Before Biden’s decision to end what he called an “eternal war” in April, Johnson and British diplomats tried to persuade the United States to change course. But once it became clear that this was futile, they turned attention to creating an alternative military force to partially fill the gap that the departing American forces might leave.
Ministers considered mobilizing the NATO Allies to stay after the departure of US forces. There were also discussions about maintaining a British ambassador’s presence for a longer period either in Kabul or at the city’s airport, according to people familiar with the government’s plans.
Ben Wallace, Britain’s defense minister, told the Financial Times that he, along with NATO Secretary General Jens Stoltenberg, had tried to speak with “a number of key countries” that would remain in Afghanistan after US forces left. “Although some [being] If he wills, the thing holding this figure back is their parliaments.”
Stoltenberg denied knowing of any discussions about the continued presence of troops when asked by reporters this week, but emphasized that no European country or Canada was ultimately willing to replace US military support, which he said had “bear the brunt of the war.” burden” during the Afghan operation.
Experts in contact with the Biden administration have discovered another relationship fault when it comes to Afghanistan: Washington considers the United Kingdom more sympathetic to Pakistan’s views on the Taliban than Biden, who has not yet contacted his Pakistani counterpart.
Despite all the tensions revealed by last week’s events – and long-running concerns about a new US-UK trade deal and the fallout from Northern Ireland’s exit from the European Union – other British diplomats insist that the special relationship will not suffer in the long run.
They particularly noted that the UK received the first call after Biden was elected president, and the first call after the fall of Kabul.

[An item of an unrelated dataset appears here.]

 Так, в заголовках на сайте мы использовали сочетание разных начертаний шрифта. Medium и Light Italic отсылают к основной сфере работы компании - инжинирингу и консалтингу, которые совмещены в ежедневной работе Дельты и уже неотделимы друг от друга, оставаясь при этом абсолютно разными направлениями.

Biden has also dedicated personal time to the relationship, visiting the UK in June ahead of the G7 summit – part of his first overseas trip since becoming president – and meeting the Queen.
Meanwhile, State Department officials in Washington have tried to downplay talk of the rift.

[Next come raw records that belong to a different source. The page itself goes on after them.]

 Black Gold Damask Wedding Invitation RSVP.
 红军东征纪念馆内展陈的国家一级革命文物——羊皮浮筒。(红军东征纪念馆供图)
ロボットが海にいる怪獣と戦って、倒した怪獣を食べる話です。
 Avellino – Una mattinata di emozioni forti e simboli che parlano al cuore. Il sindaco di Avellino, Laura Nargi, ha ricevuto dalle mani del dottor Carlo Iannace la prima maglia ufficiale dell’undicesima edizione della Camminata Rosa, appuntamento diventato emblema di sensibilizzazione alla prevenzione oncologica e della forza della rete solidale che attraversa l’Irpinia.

“Well, we certainly have an extraordinary partner in the British government,” Foreign Office spokesman Ned Price said on Wednesday, adding that the United States had discussed the withdrawal with its NATO allies at a meeting in Brussels in late March. “We have worked closely with our British allies on this matter.”

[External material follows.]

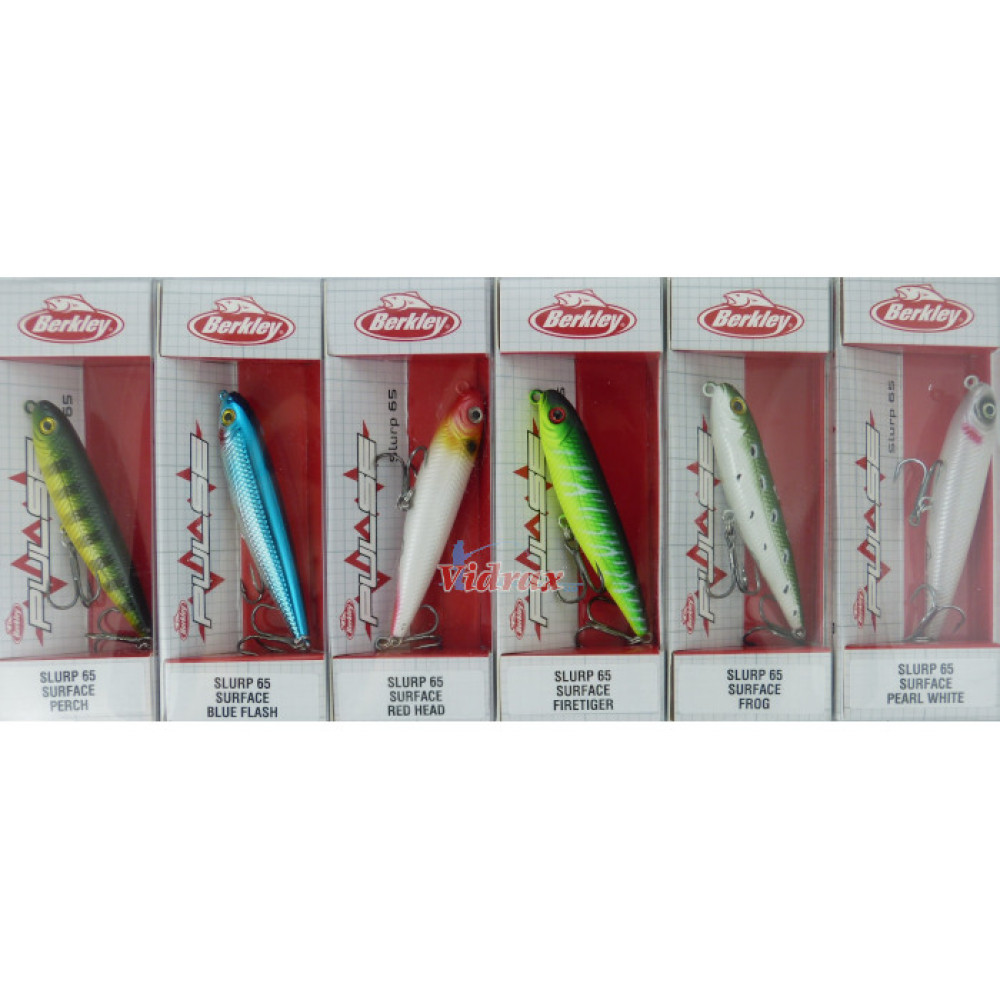 Berkley Pulse Slurp е втората повърхностна стръв от серията Berkley Pulse и се предлага в 2 дължини - 6,5 см и 8,5 см, които го правят променлива опция за риболов в горните слоеве на водата. По-малката версия е идеална за риболов на костур и распер в средата на лятото, когато малките рибки са все още малки и хищниците са се насочили към тях. По-голямата версия може да се използва за риболов на костур, щука и распер в сладки води, както и за риболов на лаврак в солена вода. И двете версии се предлагат в 8 цвята всяка.

Tom Tugendhat, chair of the House of Commons Foreign Affairs Select Committee, said the priority for Johnson’s government was to ensure that “the current tendency toward isolationism in the United States does not get worse”. “The ties go much deeper than anyone in the White House or Downing Street,” he added.
Sir Malcolm Rifkind, former Secretary of State and Defense, also argued that the split would not have a “substantial destructive effect” on transatlantic relations. The United States, especially under President Biden, understands perfectly well that even as the world’s largest superpower, it needs allies when pursuing its foreign policy across a whole range of different areas on different problems around the world. If the UK is not their closest ally, the question should be, who? “
But the UK’s unwilling withdrawal from Afghanistan raises questions about its standing abroad, particularly in the wake of Brexit and Johnson’s “Global Britain” agenda. Some have expressed fears that the withdrawal could undermine Britain’s credibility abroad as the Queen Elizabeth aircraft carrier deployed to Asia seeks to publicize the UK’s strengths as an ally.
“What is the price of the UK’s promises and commitment to people at risk? Together with the US, I fear they are worthless,” said General Lord David Richards, former head of the British Armed Forces. “The impact of this tragedy on Britain’s influence, reputation and ability to do so world-wide things that will last a long time.”